# Exercise
Of the entries below, return only those lines from the line with "Confident Businessman with" to the line with "다음에서는 시민안전보험의 개요와", exactly, both included.

# Data extracts
BEGIN
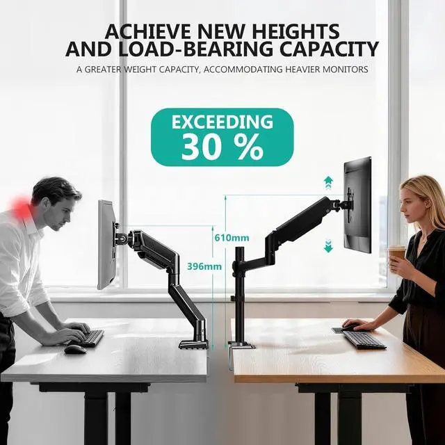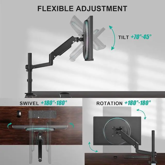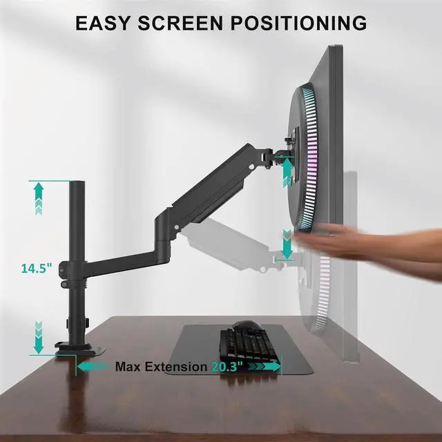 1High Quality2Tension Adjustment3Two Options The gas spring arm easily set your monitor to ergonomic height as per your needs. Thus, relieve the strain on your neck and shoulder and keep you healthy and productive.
END
BEGIN
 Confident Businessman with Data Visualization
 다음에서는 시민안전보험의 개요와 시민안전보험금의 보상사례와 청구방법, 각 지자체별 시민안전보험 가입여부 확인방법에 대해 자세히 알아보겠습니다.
END
# Your response
 Confident Businessman with Data Visualization
 다음에서는 시민안전보험의 개요와 시민안전보험금의 보상사례와 청구방법, 각 지자체별 시민안전보험 가입여부 확인방법에 대해 자세히 알아보겠습니다.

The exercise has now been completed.